◆ Exercise requirements ◆
Without the pictures, output all of the data exactly.

◆ Stored records ◆
= = = = = = =
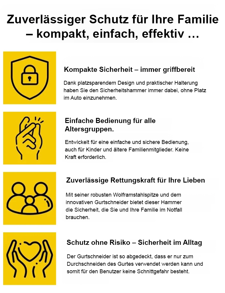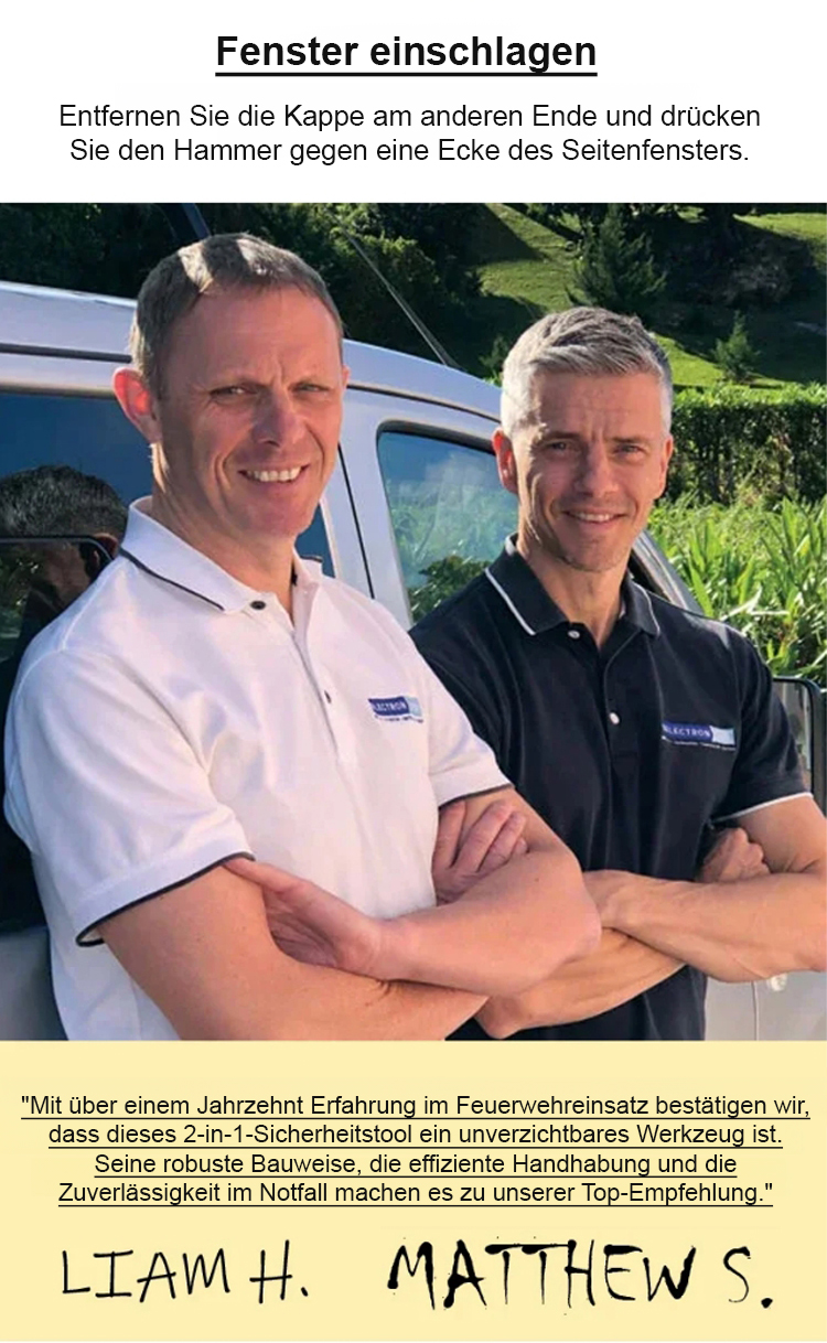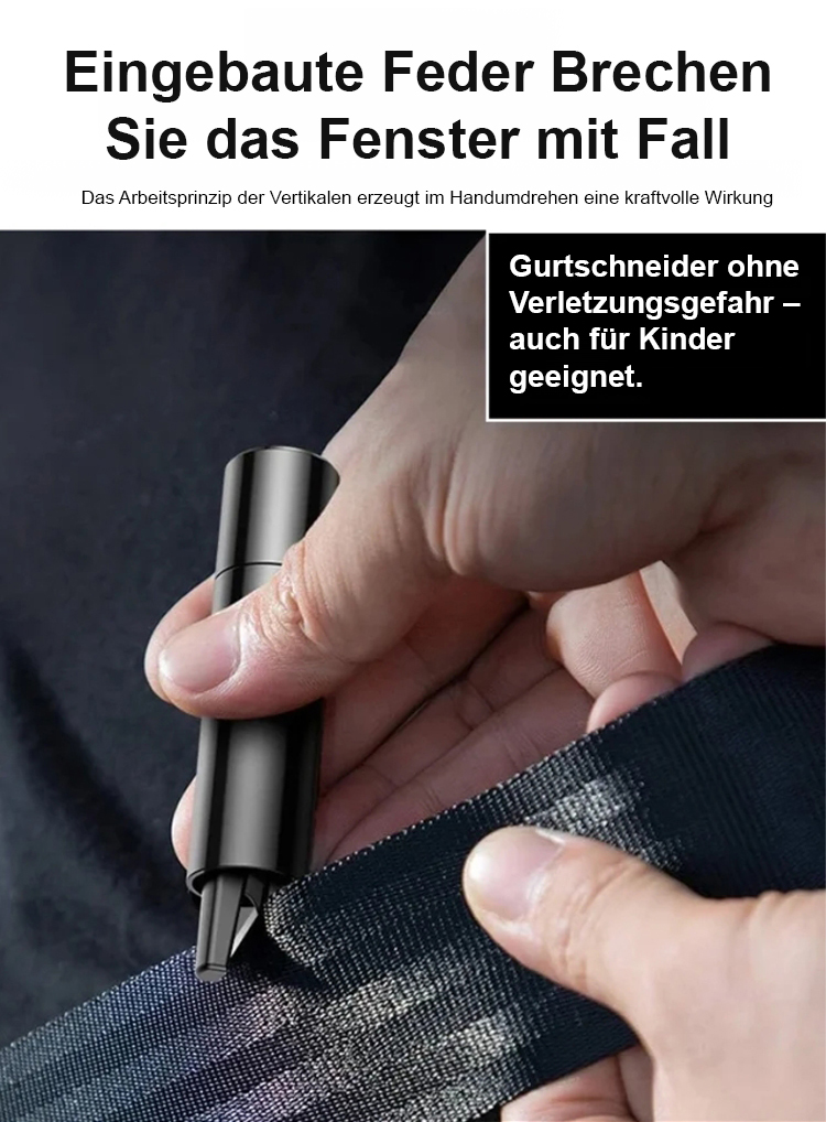 Im Notfall schnell handeln: Dieser kompakte 2-in-1-Hammer durchtrennt Sicherheitsgurte und zerschlägt Scheiben. Für mehr Sicherheit im Auto. 🚨✅
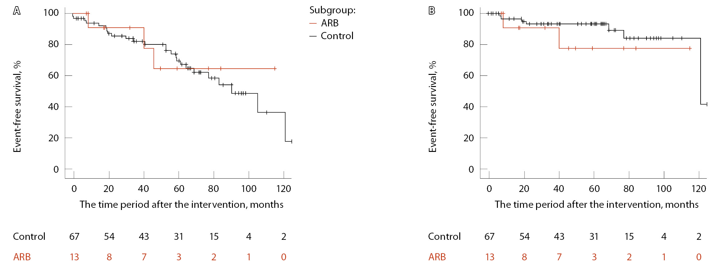 Рис. 4. Бессобытийная выживаемость, оцененная методом Каплана – Мейера (А – неблагоприятные сердечно-сосудистые события (MACE), Б – госпитализация по поводу хронической сердечной недостаточности), в подгруппе пациентов, получавших блокаторы кальциевых каналов (БКК), в сравнении с контролем
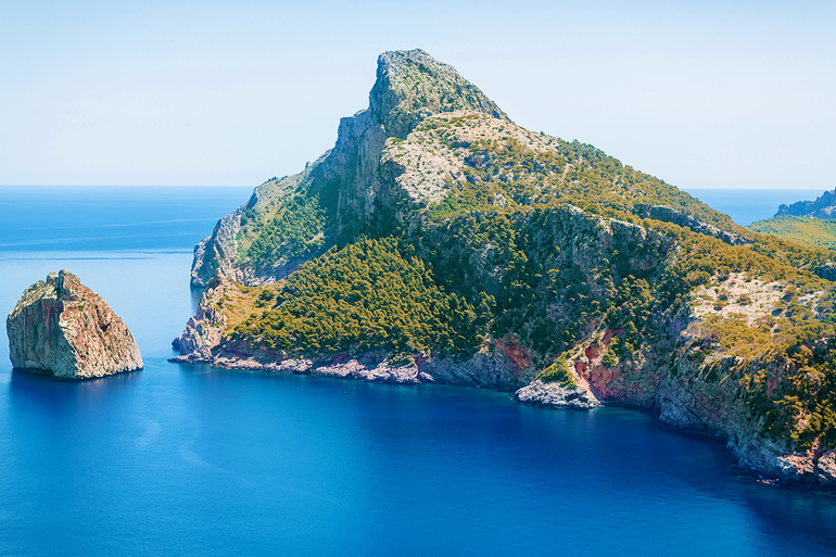Мыс Форментор - красивейшая достопримечательность Майорки, окруженная соснами, величественными утесами, бескрайним морем, синие волны которого с неистовой силой бьются о скалы, бескрайним небом. Со смотровой площадки открывается сногсшибательный вид на властные горы, бесконечные просторы моря и остров Коломер.
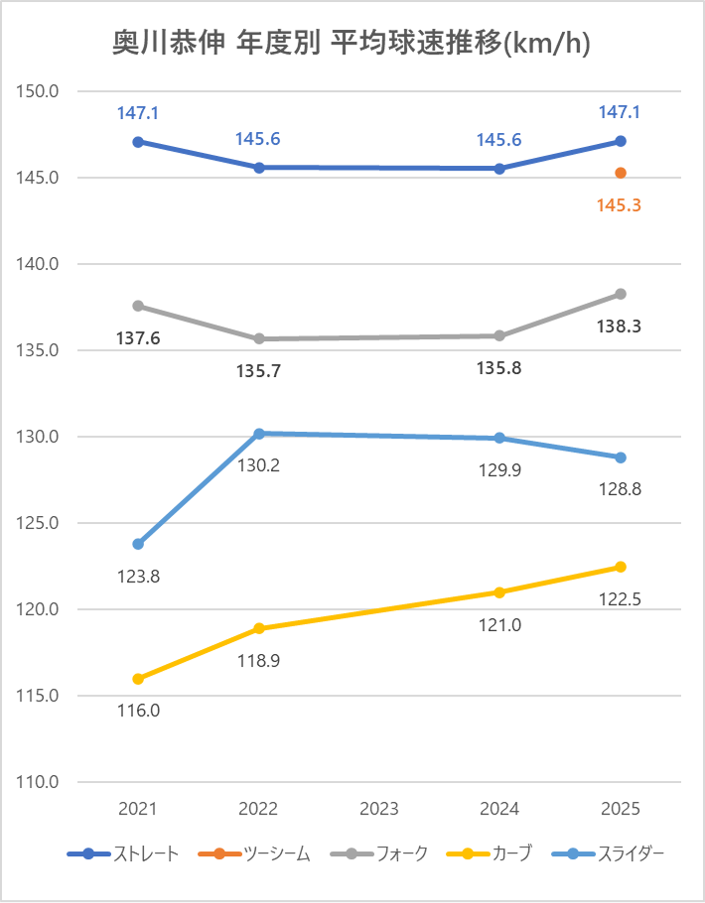 ストレートの平均球速は2024年と比較して約1.5km/h上昇。
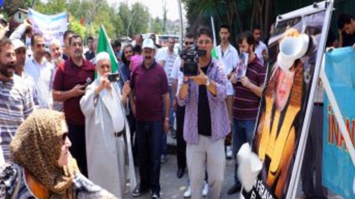 Açıklamanın ardından grup üyeleri Mısır’da yapılan darbeyi hedef tahtasına koydukları Sisi’nin resmine terlik fırlatarak protesto etti. Terlikle Sisi’nin resmine vuran grup daha sonra Sisi’nin resmini ayaklarının altına alıp ezdi. Grup, indirilen resmin yerine Mursi’nin resmini astı.
= = = = = = =
◆ Answer for the task ◆
 Im Notfall schnell handeln: Dieser kompakte 2-in-1-Hammer durchtrennt Sicherheitsgurte und zerschlägt Scheiben. Für mehr Sicherheit im Auto. 🚨✅
 Рис. 4. Бессобытийная выживаемость, оцененная методом Каплана – Мейера (А – неблагоприятные сердечно-сосудистые события (MACE), Б – госпитализация по поводу хронической сердечной недостаточности), в подгруппе пациентов, получавших блокаторы кальциевых каналов (БКК), в сравнении с контролем
Мыс Форментор - красивейшая достопримечательность Майорки, окруженная соснами, величественными утесами, бескрайним морем, синие волны которого с неистовой силой бьются о скалы, бескрайним небом. Со смотровой площадки открывается сногсшибательный вид на властные горы, бесконечные просторы моря и остров Коломер.
 ストレートの平均球速は2024年と比較して約1.5km/h上昇。
 Açıklamanın ardından grup üyeleri Mısır’da yapılan darbeyi hedef tahtasına koydukları Sisi’nin resmine terlik fırlatarak protesto etti. Terlikle Sisi’nin resmine vuran grup daha sonra Sisi’nin resmini ayaklarının altına alıp ezdi. Grup, indirilen resmin yerine Mursi’nin resmini astı.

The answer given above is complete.